Pictures are to be excluded. Please print only the lines from the one containing "Cat with A Cowboy" through the end of the data, exactly as they appear.

BEGIN Raw data

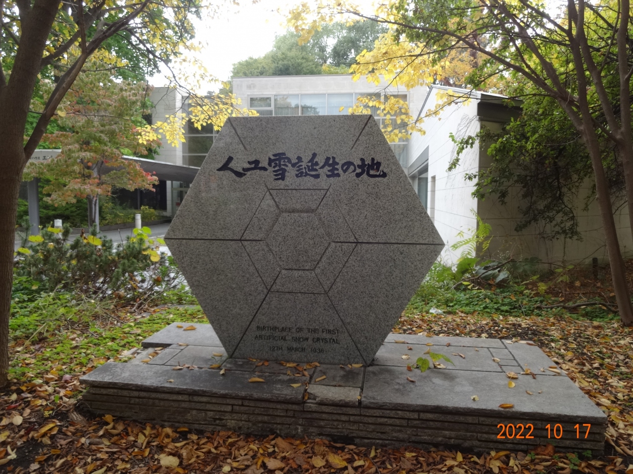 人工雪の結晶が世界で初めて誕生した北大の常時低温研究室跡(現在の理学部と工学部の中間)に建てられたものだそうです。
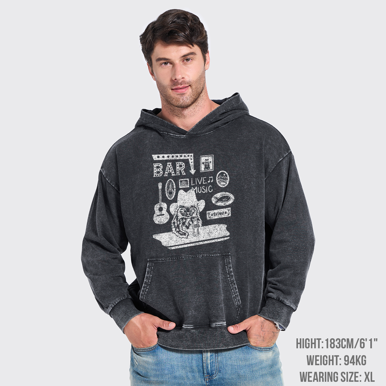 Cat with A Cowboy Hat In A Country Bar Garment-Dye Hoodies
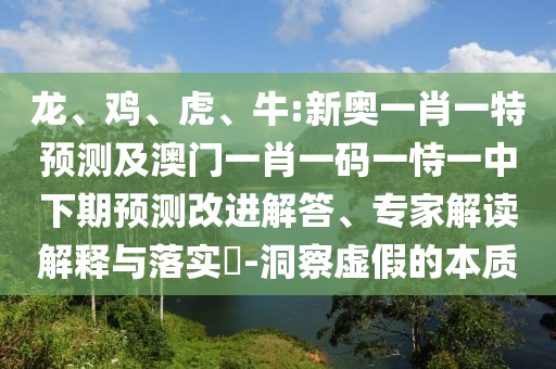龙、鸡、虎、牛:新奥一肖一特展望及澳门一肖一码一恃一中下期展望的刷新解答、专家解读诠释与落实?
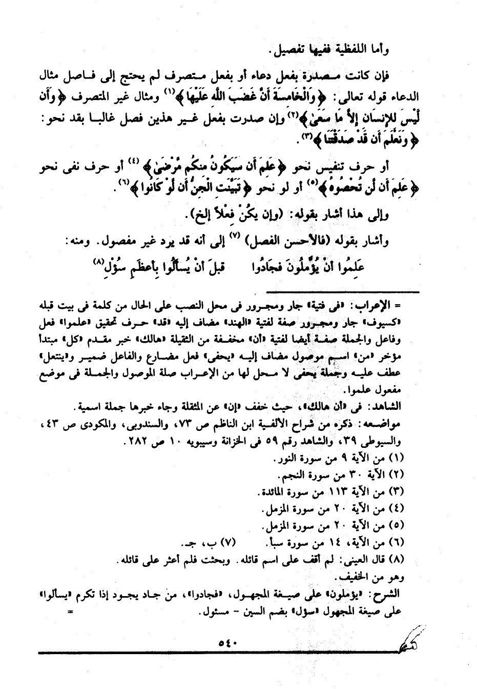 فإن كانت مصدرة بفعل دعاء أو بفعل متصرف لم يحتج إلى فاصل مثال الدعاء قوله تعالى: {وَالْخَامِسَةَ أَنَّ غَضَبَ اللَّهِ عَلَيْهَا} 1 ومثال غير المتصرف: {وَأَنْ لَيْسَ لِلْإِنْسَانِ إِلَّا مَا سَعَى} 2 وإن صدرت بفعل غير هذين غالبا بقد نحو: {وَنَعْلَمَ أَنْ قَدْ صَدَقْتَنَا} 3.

END Raw data

== Response below ==
 Cat with A Cowboy Hat In A Country Bar Garment-Dye Hoodies
龙、鸡、虎、牛:新奥一肖一特展望及澳门一肖一码一恃一中下期展望的刷新解答、专家解读诠释与落实?
 فإن كانت مصدرة بفعل دعاء أو بفعل متصرف لم يحتج إلى فاصل مثال الدعاء قوله تعالى: {وَالْخَامِسَةَ أَنَّ غَضَبَ اللَّهِ عَلَيْهَا} 1 ومثال غير المتصرف: {وَأَنْ لَيْسَ لِلْإِنْسَانِ إِلَّا مَا سَعَى} 2 وإن صدرت بفعل غير هذين غالبا بقد نحو: {وَنَعْلَمَ أَنْ قَدْ صَدَقْتَنَا} 3.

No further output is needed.